Kekerasan Gender dari Kacamata Sosial, Patriarki Biang Keladinya?

Bagaimana dunia memandang perempuan rendah

Intinya Sih...

  • Kasus kekerasan pada perempuan di Indonesia sering berujung kematian, termasuk dalam kategori femisida.
  • Perempuan rentan mengalami kekerasan seksual dan fisik, terutama dalam ranah personal seperti perkawinan atau rumah tangga.
  • Pandangan patriarki global membuat perempuan dianggap tak berharga, rentan dipaksa menikah, dan mendapat diskriminasi di tempat kerja.

Jakarta, IDN Times - Kasus kekerasan pada perempuan bukan hal baru di Indonesia.
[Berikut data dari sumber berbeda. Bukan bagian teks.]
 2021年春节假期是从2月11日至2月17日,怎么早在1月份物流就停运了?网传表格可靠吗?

Bahkan tak sedikit yang berujung kematian. Belakangan masyarakat Indonesia menerima berbagai informasi yang berkaitan dengan pembunuhan perempuan di sejumlah daerah di Indonesia. Kasus seperti ini dapat masuk dalam kategori femisida. 

Pengamat sosial sekaligus pengajar dan peneliti tetap Program Vokasi Humas UI, Devie Rahmawati menjelaskan kekerasan berbasis gender ini dari kacamata sosial. Ada berbagai hal yang menempatkan perempuan pada krisis hingga mereka meninggal karena dibunuh. Organisasi Kesehatan Dunia (WHO) mengungkapkan bahwa satu dari tiga perempuan pernah mengalami kekerasan.
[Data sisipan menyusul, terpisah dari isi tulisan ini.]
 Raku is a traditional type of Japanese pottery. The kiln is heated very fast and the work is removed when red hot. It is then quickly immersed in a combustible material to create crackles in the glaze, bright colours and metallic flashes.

Kekerasan seksual hingga fisik rentan dialami perempuan sebagai kelompok rentan. Catatan Tahunan (CATAHU) 2021 Komnas Perempuan menunjukkan ranah yang paling berisiko bagi perempuan mengalami kekerasan, yaitu ranah personal, di antaranya dalam perkawinan atau dalam rumah tangga (KDRT) serta dalam hubungan personal seperti hubungan pribadi atau pacaran yaitu sebesar 79 persen atau sebanyak 6.480 kasus, ada peningkatan 4 persen pada 2020.

Catahu 2021 juga mencatat kekerasan gender berbasis siber atau KGBS di ranah rumah tangga atau personal bertambah dari 35 kasus menjadi 329 kasus dari 2019 ke 2020, yang artinya ada kenaikan 920 persen di masa pandemik COVID-19.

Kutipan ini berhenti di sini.